Sabrina opens the tin, struggling a moment with the child proofing, and then places a gummy in my palm. It looks innocuous enough.
I throw it in my mouth.
“Maybe start with half—” she begins. But it’s too late. I have already started eating the whole thing.
It’s sweet and tangy. See? No big deal.
“You can still spit—” Sab says. “And you swallowed.”
“That’s what she said,” Noah and I both respond.
I turn to Noah and give him the finger.
“Oh boy,” he says.
And though I’d never admit it, I am thinking the same thing.
Two hours later, I am questioning my choices. Not just about the gummy or about forgoing the gallery crawl with Sabrina and Rita to go wine tasting with Damien, Cara, and Ben. But also about my career trajectory, love life, and the dress I’m wearing, which keeps slipping down so my cleavage is on parade.
Perhaps most of all, I’m wondering how I could possibly have sanctioned sitting at this picnic table in the direct sun, baking like a hot dog in a floral bun.
Cara and Ben seem unaffected—in fact, they’re joyous. For one thing, Cara is, of course, slathered in sunscreen because she’s responsible like that. She has surely made sure that Ben is too.
No one hates this kind of heat like I do—being out in the elements like this. I am sweating balls. But also the two of them—on their side of the slatted wooden table—have been in constant hysterics for the last thirty minutes about the convoluted tasting notes in the wine. And it has devolved into the kid-friendly version.
“Hmm,” Ben is saying. “I taste top notes of gluten-free chicken nuggets and burnt broccoli that assault the palate with an aroma of full-bodied ketchup, but of course not touching the chicken nuggets or the broccoli.”
Cara is literally sobbing with laughter and, despite a hand to her mouth, very nearly about to spit-take a gulp of a crisp Riesling.
I wonder how long it’s been since they’ve had extended time alone together, without the kids.
Damien is oblivious. His pupils are so blown out from that high-intensity weed tincture, his once-frosty blue eyes so obscured, that he may have left the planet. It hasn’t seemed to matter at all that I’ve been drifting in and out of listening while he talks about how day trading is like a metaphor for life—or maybe life is a metaphor for day trading. I can’t keep track.
If I’m honest, I only kind of know what day trading is.

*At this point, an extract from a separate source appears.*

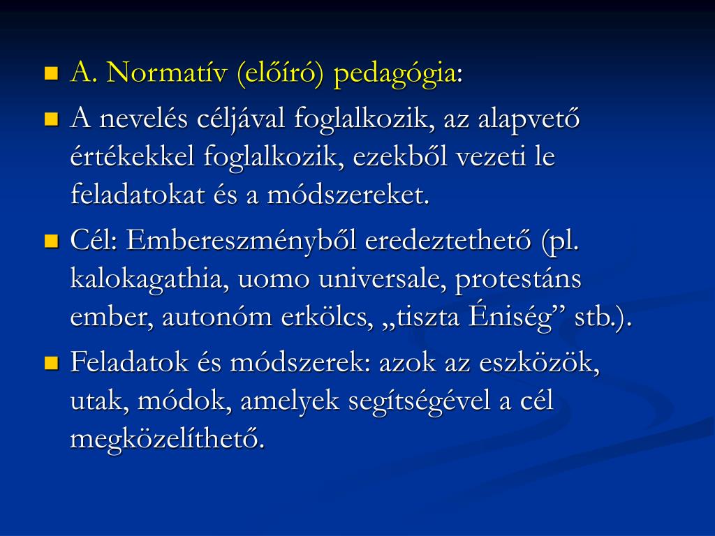 A. Normatív (előíró) pedagógia: • A nevelés céljával foglalkozik, az alapvető értékekkel foglalkozik, ezekből vezeti le feladatokat és a módszereket. • Cél: Embereszményből eredeztethető (pl. kalokagathia, uomo universale, protestáns ember, autonóm erkölcs, „tiszta Éniség” stb.). • Feladatok és módszerek: azok az eszközök, utak, módok, amelyek segítségével a cél megközelíthető.

Besides, all I can think about is how my body temperature is so high that soon I am probably going to throw up and pass out simultaneously.
How there’s a child with his family at the next table who I will traumatize for life. I can picture him as an adult, sitting on his therapist’s couch, talking about how he can’t even smell wine without flashing to the woman with the giant hair and overflowing boobs, sweating profusely into her vomit.
I want a glass of ice water so badly instead of the wine sitting in front of me, which is growing warmer by the second, but I no longer recall how to make that happen. Surely, I am not expected to stand up on my own, walk to the bar inside, and order from a total stranger! My mouth is glued shut. I can’t even remember how money works.
Money. Money?
Where is my bag?Shit!Where is my bag? I left my bag. I lost my bag! The child at the next table stole my bag!
Nope. My bag is slouched next to me on the bench. Where I left it.
I heave a sigh of relief like something actually happened and place a hand on my purse so it doesn’t flee.
“Anyway,” Damien is saying, “you get it.”
I nod. Yes. I totally get it. Whatever the hell he’s talking about.
“And you always get it,” he continues. “Or, I guess, I feel like you’ve always gottenme. Which is why I’m so glad that I got you alone for a minute—well, sort of.”
He gestures with his chin toward Cara and Ben, who are too busy concocting plans to build a tower out of beer-branded cardboard coasters to notice anything else.
Damien looks at me expectantly, from under his blond lashes, like it’s my turn to speak. “Yes,” I say. Because I don’t have other words.